Michael Reed is living a posthumous life. In spite of outward appearances--he holds a respectable university teaching position; he is an articulate and attractive addition to local social life--he's a dead man walking.

Nothing can touch Reed, nothing can move him, although he observes with a mordant clarity the lives whirling vigorously around him. Of his recent bereavement, nearly four years earlier, he observes, "I'm speaking as I'd speak of a change in the earth's climate, or the recent war."

Facing the unwelcome end of his temporary stint at the university, Reed finds himself forced "to act like somebody who cares what happens to him. " Tentatively he begins to let himself make contact with a host of characters in this small academic town, souls who seem to have in common a tentativeness of their own. In this atmosphere characterized, as he says, "by cynicism, occasional brilliance, and small, polite terror," he manages, against all his expectations, to find people to light his way through his private labyrinth.

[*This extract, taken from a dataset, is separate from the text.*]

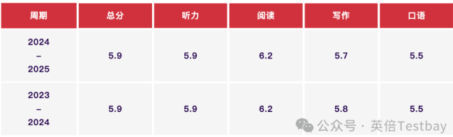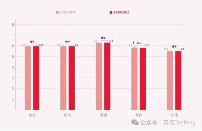 2024–2025年度,中国大陆地区学术类雅思考生成绩整体保持稳步发展的趋势。报告显示,中国大陆地区学术类雅思考生的总分均值为5.9分,与上一年度基本持平。

Elegant and incisively observed, The Name of the World is Johnson at his best: poignant yet unsentimental, replete with the visionary imaginative detail for which his work is known. Here is a tour de force by one of the most astonishing writers at work today.

Author Notes

Denis Johnson was born in Munich, Germany on July 1, 1949. He received a bachelor's degree and a master's degree from the University of Iowa. He published his first book of poetry, The Man Among the Seals, at the age of 19. However, addictions to alcohol and drugs derailed him and he was in a psychiatric ward at the age of 21. He was sober by the early 1980s.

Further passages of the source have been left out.